[[ Extracted material, beginning ]]

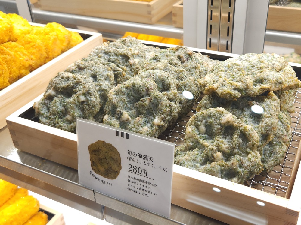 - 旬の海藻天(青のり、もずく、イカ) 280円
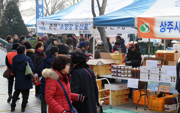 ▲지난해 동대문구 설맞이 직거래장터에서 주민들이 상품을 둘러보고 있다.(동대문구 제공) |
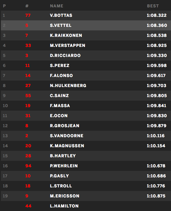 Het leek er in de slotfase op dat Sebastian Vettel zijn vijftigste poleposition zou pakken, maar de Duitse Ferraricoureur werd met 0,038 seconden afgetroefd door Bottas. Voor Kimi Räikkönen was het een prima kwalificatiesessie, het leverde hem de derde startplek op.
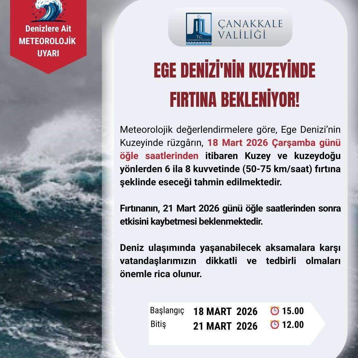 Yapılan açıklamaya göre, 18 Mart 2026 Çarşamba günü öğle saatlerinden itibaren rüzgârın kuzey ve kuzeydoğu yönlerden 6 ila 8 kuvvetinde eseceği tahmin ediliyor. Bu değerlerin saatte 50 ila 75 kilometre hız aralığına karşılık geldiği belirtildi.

[[ Extracted material, end ]]
[[ Extracted material, beginning ]]

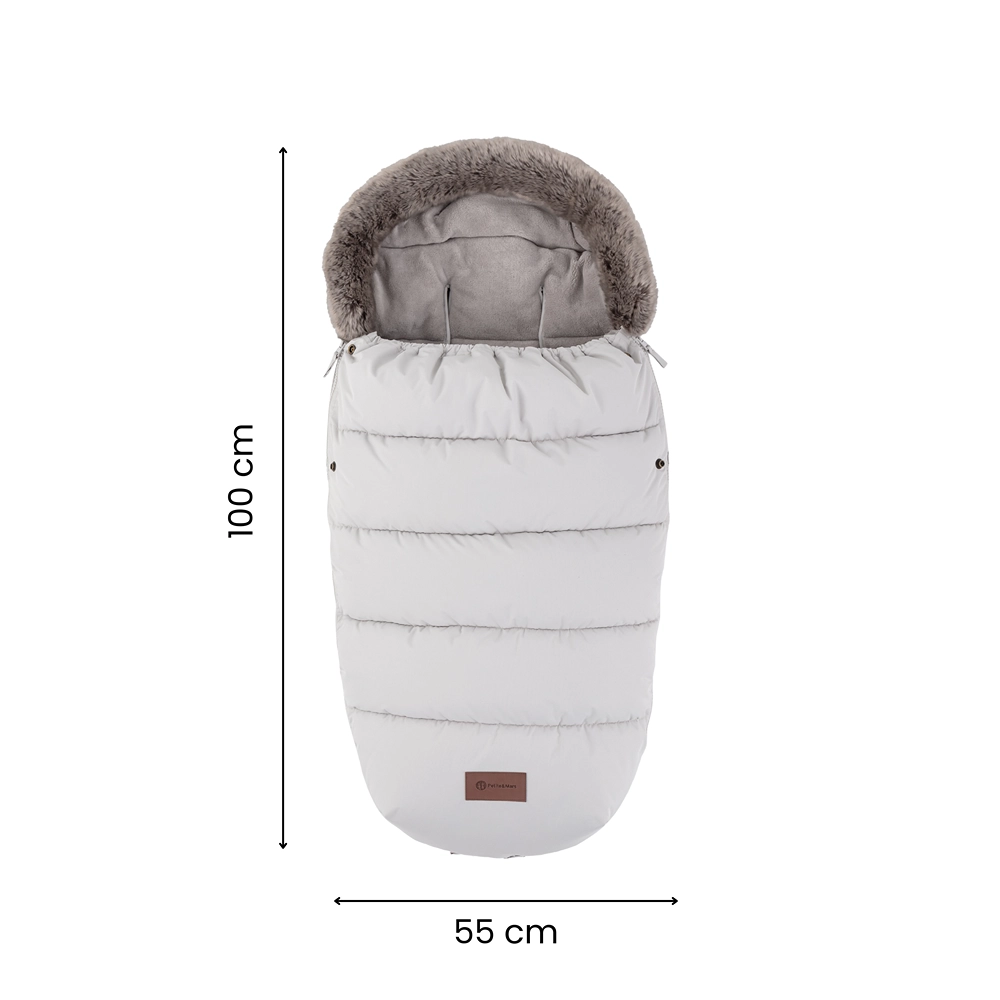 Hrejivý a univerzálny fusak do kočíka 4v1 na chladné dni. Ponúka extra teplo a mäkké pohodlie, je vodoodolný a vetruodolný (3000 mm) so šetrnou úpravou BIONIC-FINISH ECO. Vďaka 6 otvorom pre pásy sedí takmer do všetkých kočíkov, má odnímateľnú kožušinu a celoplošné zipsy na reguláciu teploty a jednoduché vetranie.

[[ Extracted material, end ]]

■ **Your goal**
Your answer is the exact run of lines above from the one with "Het leek er" through the one with "Yapılan açıklamaya göre, 18", both ends included, minus any picture.

■ **Task answer**
 Het leek er in de slotfase op dat Sebastian Vettel zijn vijftigste poleposition zou pakken, maar de Duitse Ferraricoureur werd met 0,038 seconden afgetroefd door Bottas. Voor Kimi Räikkönen was het een prima kwalificatiesessie, het leverde hem de derde startplek op.
 Yapılan açıklamaya göre, 18 Mart 2026 Çarşamba günü öğle saatlerinden itibaren rüzgârın kuzey ve kuzeydoğu yönlerden 6 ila 8 kuvvetinde eseceği tahmin ediliyor. Bu değerlerin saatte 50 ila 75 kilometre hız aralığına karşılık geldiği belirtildi.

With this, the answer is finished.